Il dono dell’alleanza, ai tempi di Noè, viene fatto all’insegna dell’arcobaleno: il Dio della luce unisce a sé il creato; il dono del battesimo ci rivela la «magnanimità» del Padre e il sacrificio redentivo del Figlio: Pietro nella seconda lettura dice che il battesimo è come «un’arca», nella quale non si opera solo una purificazione, ma soprattutto un’invocazione di Dio da parte dell’uomo e una comunione col Cristo risorto come dono del Padre; nel vangelo, l’esperienza di Gesù nel deserto e il primo annuncio della «buona notizia» secondo Marco sembrano segnare l’ora decisiva per la storia.
E’ una quaresima, questa, che comincia all’insegna di una grande speranza: convertirsi è dare corpo e concretezza in noi alla speranza, che ha le sue radici su quanto Dio ha fatto per noi. Vogliamo rivivere il cammino della speranza nei gesti e nelle parole di Cristo riportate dal vangelo. Marco ci propone appena quattro versetti, ma densissimi di significato; da essi cercheremo di entrare nella profondità della parola di Dio.
Marco, arrivato appena al v. 12 del primo capitolo del suo vangelo, già per la terza volta nomina lo Spirito; ne aveva parlato una prima volta riportando la predicazione del Battista, dove è detto che Cristo è colui che «battezzerà in Spirito santo» (v. 8); una seconda volta lo Spirito compare al Giordano, quando scende e rimane su Gesù al momento del battesimo (v. 10); in questo v. 12 si dice che lo Spirito conduce Gesù nel deserto. Per Marco vi è una connessione diretta tra lo Spirito e l’attività di Gesù. Se poco prima Giovanni Battista aveva annunciato la venuta di «uno più potente» di lui che avrebbe battezzato nello Spirito, al Giordano ci viene rivelato chi è questo «più forte», mentre riceve lo Spirito; ora nel deserto la tentazione ci rivela in modo esplicito e chiaro che questo più forte, una volta rivestito dello Spirito, ha il potere di vincere satana, e quindi può inaugurare la prima forma di vita, quella dell’Eden. In questo modo la «buona notizia» non solo è annunciata, ma anche realizzata: il Signore Gesù, che possiede lo Spirito, è il Regno.

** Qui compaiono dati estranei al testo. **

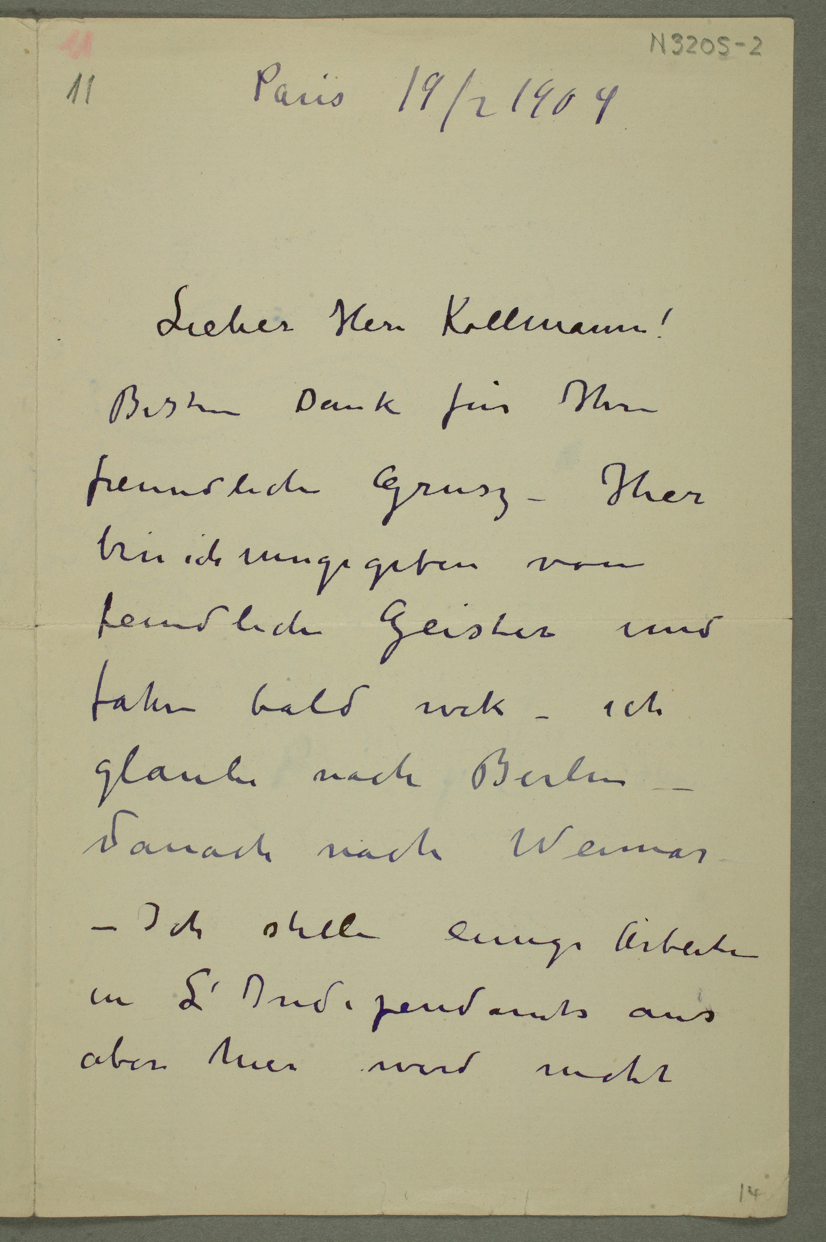 MM N 3205, Munchmuseet. Datert 19.2.1904. Brev til Albert Kollmann

Nel racconto delle tentazioni, è specifico di Marco il fatto che il cammino di Gesù nel deserto sia opera di uno Spirito che opera su Gesù una specie di azione coercitiva. Il termine italiano «sospingere» è molto smorzato; nel testo greco il termine indica «spingere con forza»: è lo stesso termine che Marco usa per indicare la «cacciata» degli spiriti dagli indemoniati. Cristo è come afferrato dalla potenza di Dio. Dopo l’investitura al Giordano, il primo verbo di moto, riferito a Cristo, ha lo Spirito come soggetto e indica un’azione violenta: è come il segno di una partenza decisiva per un cammino tutto particolare, la cui forza di spinta è come un vento impetuoso che viene da Dio.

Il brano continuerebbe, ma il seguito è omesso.